Results: 81.9% on Kinetics-400 action recognition, 72.2% on Something-Something v2, with a frozen backbone. V-JEPA was the first video model to perform well on "frozen evaluations" — where the pretrained encoder is completely locked and only a lightweight probe is trained on top. [4]

V-JEPA 2 (June 2025): World Models for Robotics

Released June 11, 2025 at Viva Tech in Paris, V-JEPA 2 is a 1.2-billion-parameter world model and the most significant practical application of JEPA to date. [13]

It trains in two phases:

Phase 1 — Self-supervised pretraining: Over 1 million hours of web video and 1 million images. No action labels, no annotations. The model learns to predict masked spatio-temporal regions in latent space. [14]

Phase 2 — Action-conditioned post-training: Using only 62 hours of robot data from the open-source DROID dataset, the model learns to predict how the world evolves under specific robot actions — converting a passive world model into an active planning engine. [14]

"We believe world models will usher a new era for robotics, enabling real-world AI agents to help with chores and physical tasks without needing astronomical amounts of robotic training data."
— Yann LeCun, Viva Tech, 2025

Robotics results: zero-shot planning in new lab environments with objects never seen during training, 65–80% success on pick-and-place tasks, reported 30x faster than Nvidia's Cosmos model on equivalent evaluations. State-of-the-art on Epic-Kitchens-100 action anticipation. [13][15][16]

VL-JEPA (December 2025): Vision + Language

Chen, Shukor, LeCun et al. (arXiv:2512.10942) introduced a vision-language model that predicts continuous embeddings of target texts rather than autoregressively generating tokens. In controlled comparisons against standard VLM training with identical vision encoders and data: stronger performance with 50% fewer trainable parameters, 2.85x reduction in decoding operations via selective decoding, and state-of-the-art on video classification and retrieval benchmarks. [17]

LLM-JEPA (September 2025): Bringing JEPA to Language Models

Huang, LeCun, and Balestriero (arXiv:2509.14252) asked: if JEPA-style objectives outperform reconstruction objectives in vision, can they help LLMs too? Their LLM-JEPA framework applies embedding-space prediction to both LLM pretraining and finetuning.

Results: significant margin improvements over standard LLM training on GSM8K, Spider, RottenTomatoes, and NL-RX, across Llama3, Gemma2, OpenELM, and Olmo model families, while being more robust to overfitting. [18]


Robotics: The Real-World Test

LeCun has been clear: the ultimate test of JEPA-style world models isn't benchmark performance — it's whether machines can navigate and manipulate the physical world.

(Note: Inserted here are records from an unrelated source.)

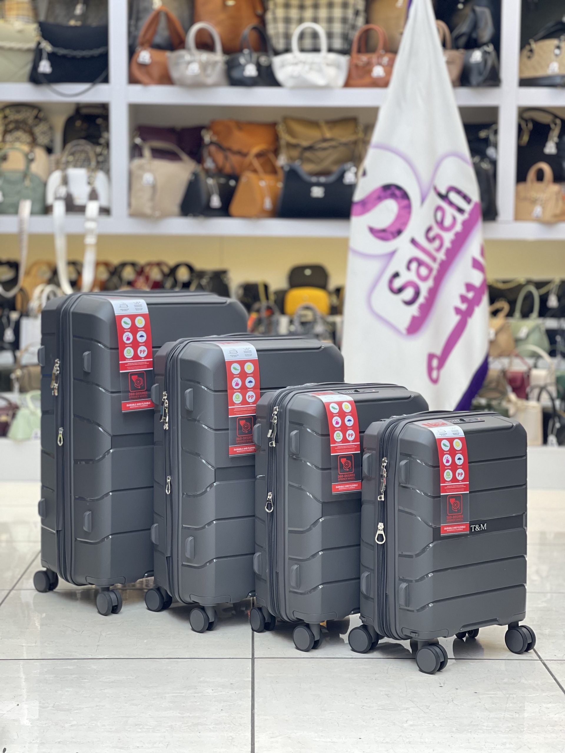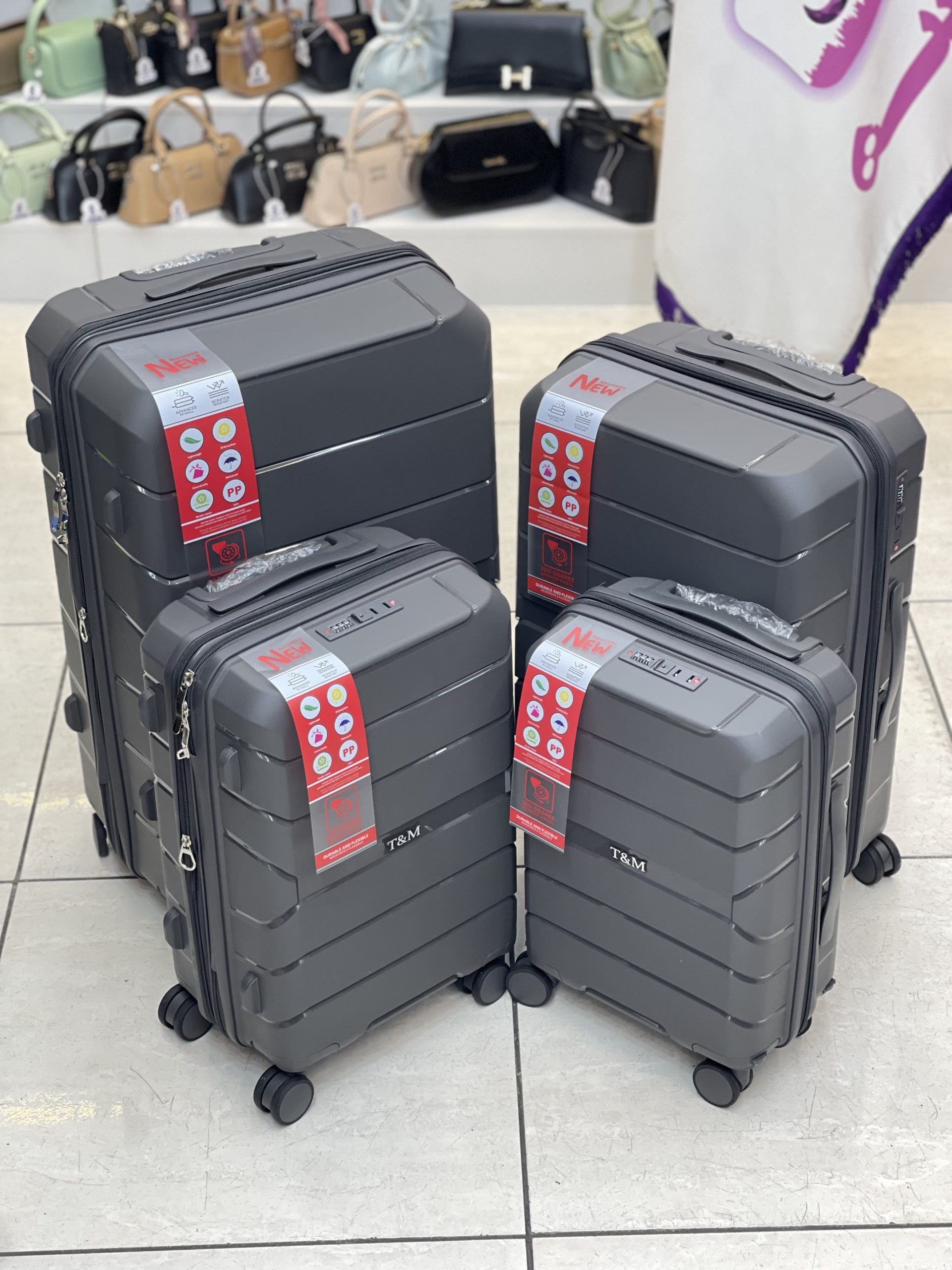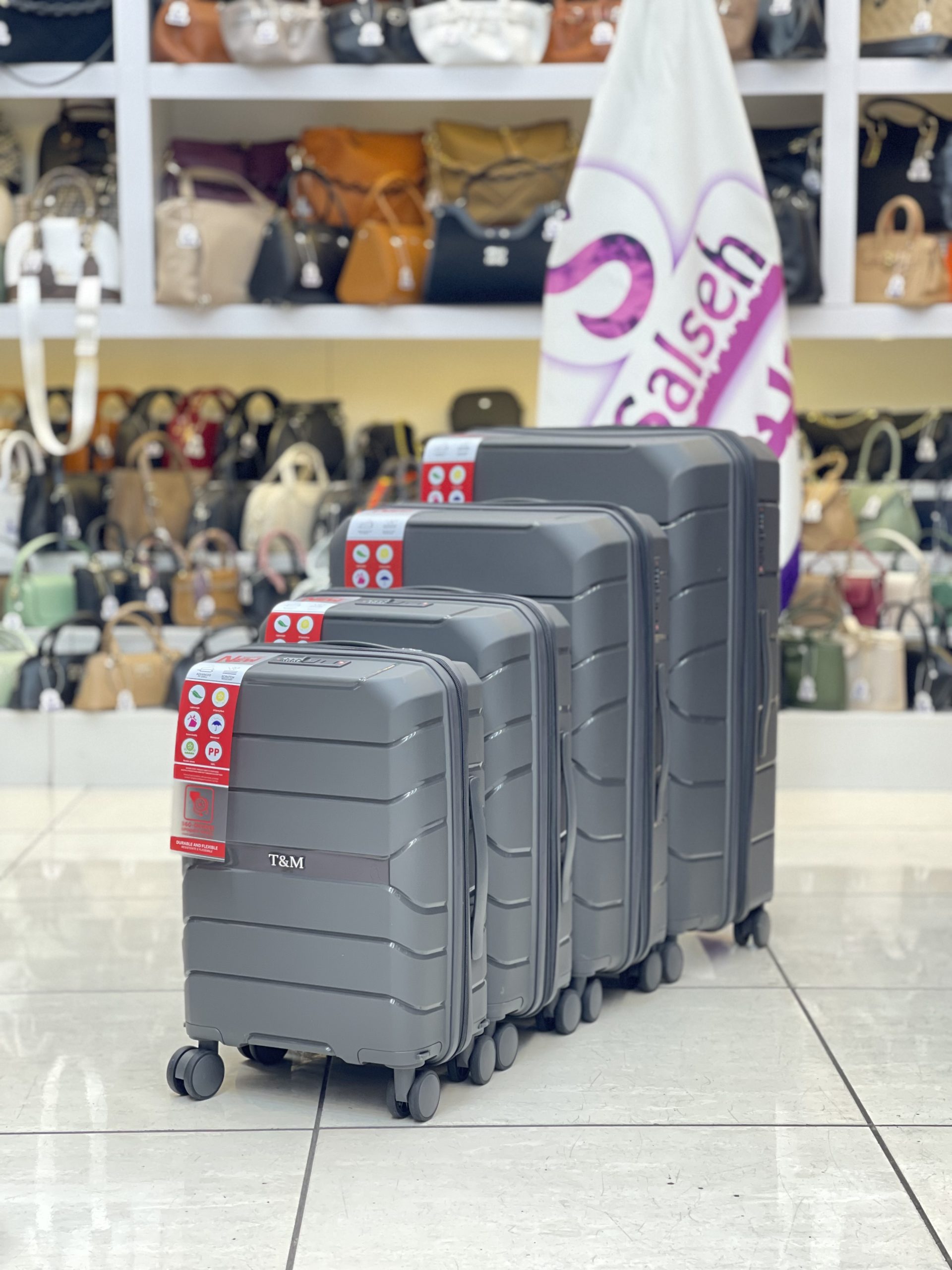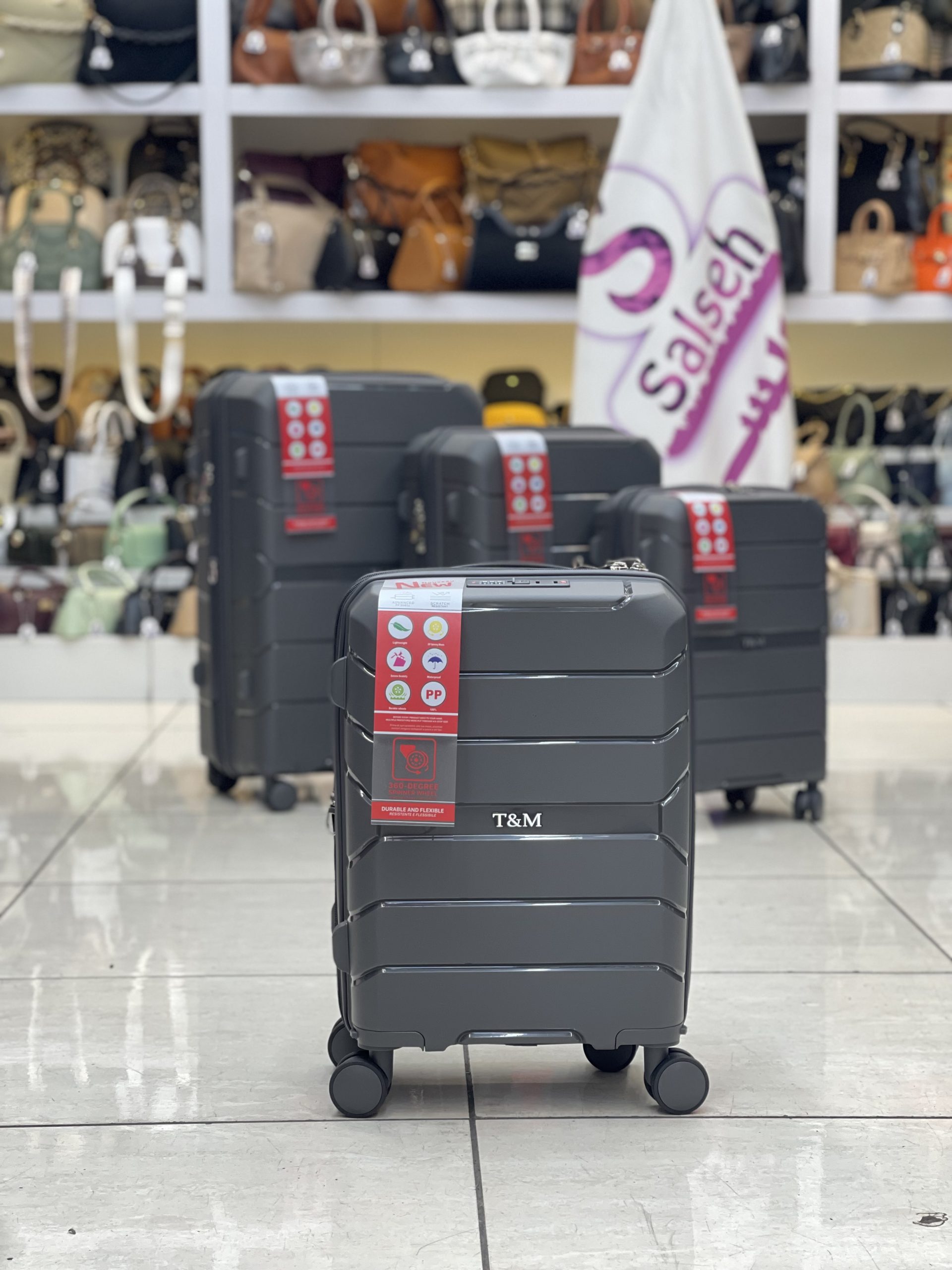 چمدان اورجینال نشکن برند تی ام با 4 سایز از سایز 18 تا سایز 28 با بهترین کیفیت و سه سال گارانتی بی قید و شرط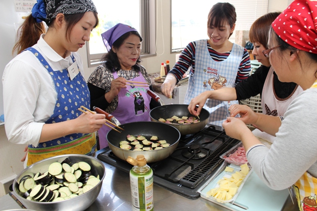 JA熊本市茄子部会女性部は10月16日、保育園の調理師の研修会で、保育園児も食べやすいナス料理の講習会を西部公民館で行いました。参加者は、熊本市西部地区の保育園の調理師20人。調理師らは生産者から直接調理法を学び、ナス料理を試作・試食して交流を深めました。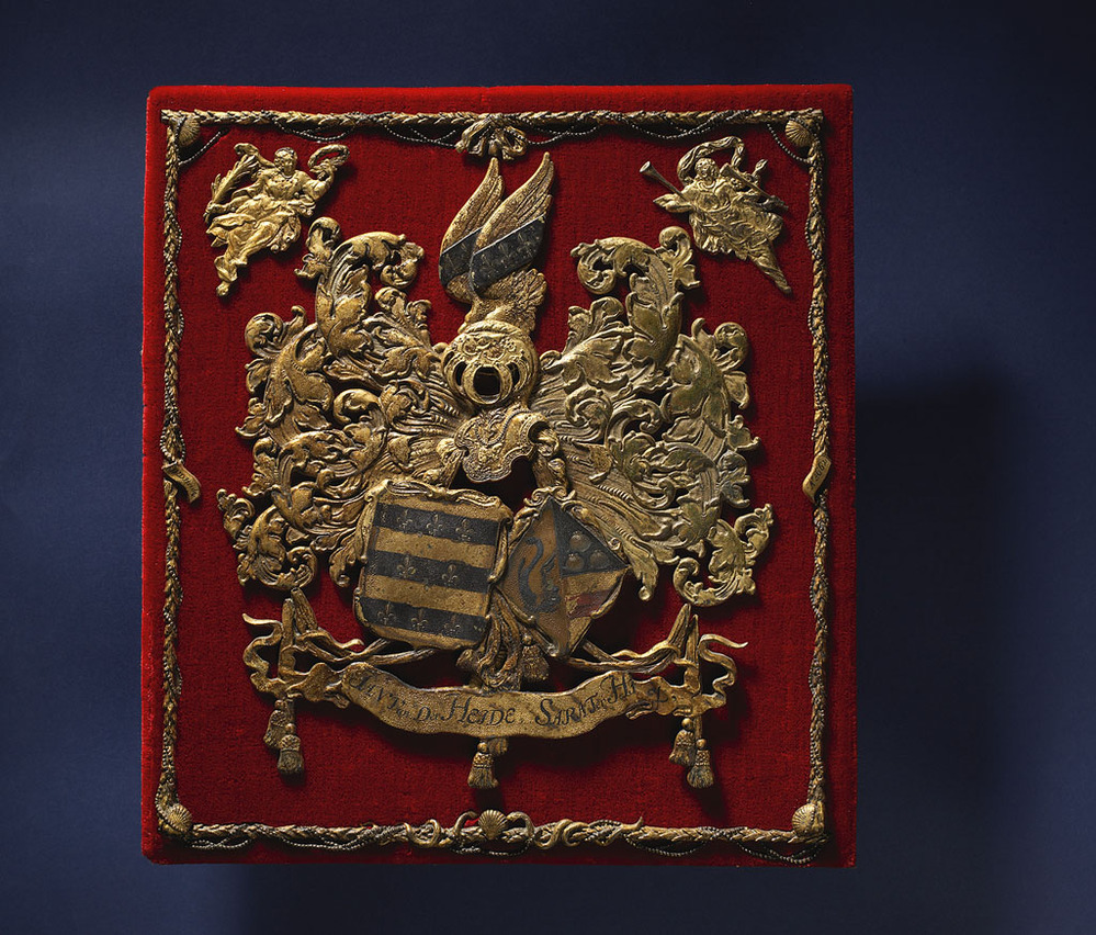 Alliantiewapen in eikenhoutenlijst op rood fluwelen fond, van Jan van der Heyden en zijn vrouw, Sara ter Hiel, met helmteken en banderol, waarop de namen zijn aangebracht. In elk van de bovenhoeken een zwevende engel. Het geheel in kader van koperen koord met snoeren, slangen en schelpen.

V-JEPA 2's control loop for robotics works as follows:

  1. Goal specification — the robot is given a goal image of the desired end state
  2. Action simulation — using V-JEPA 2's predictor, the robot internally simulates candidate action sequences
  3. Action selection — a Cross-Entropy Method algorithm evaluates each simulated action and selects those that bring the world state closest to the goal
  4. Receding horizon control — the robot executes only the first action, observes the new state, and replans. This makes the system robust to real-world perturbations. [15]

For longer-horizon tasks, V-JEPA 2 uses a sequence of visual subgoals to break complex tasks into manageable steps.

The economic case is compelling too: at 1.2 billion parameters, V-JEPA 2 fits on a single high-end GPU. Its abstract prediction targets reduce inference load. Teams can run closed-loop control on-prem or at the edge without streaming video off-site. [15]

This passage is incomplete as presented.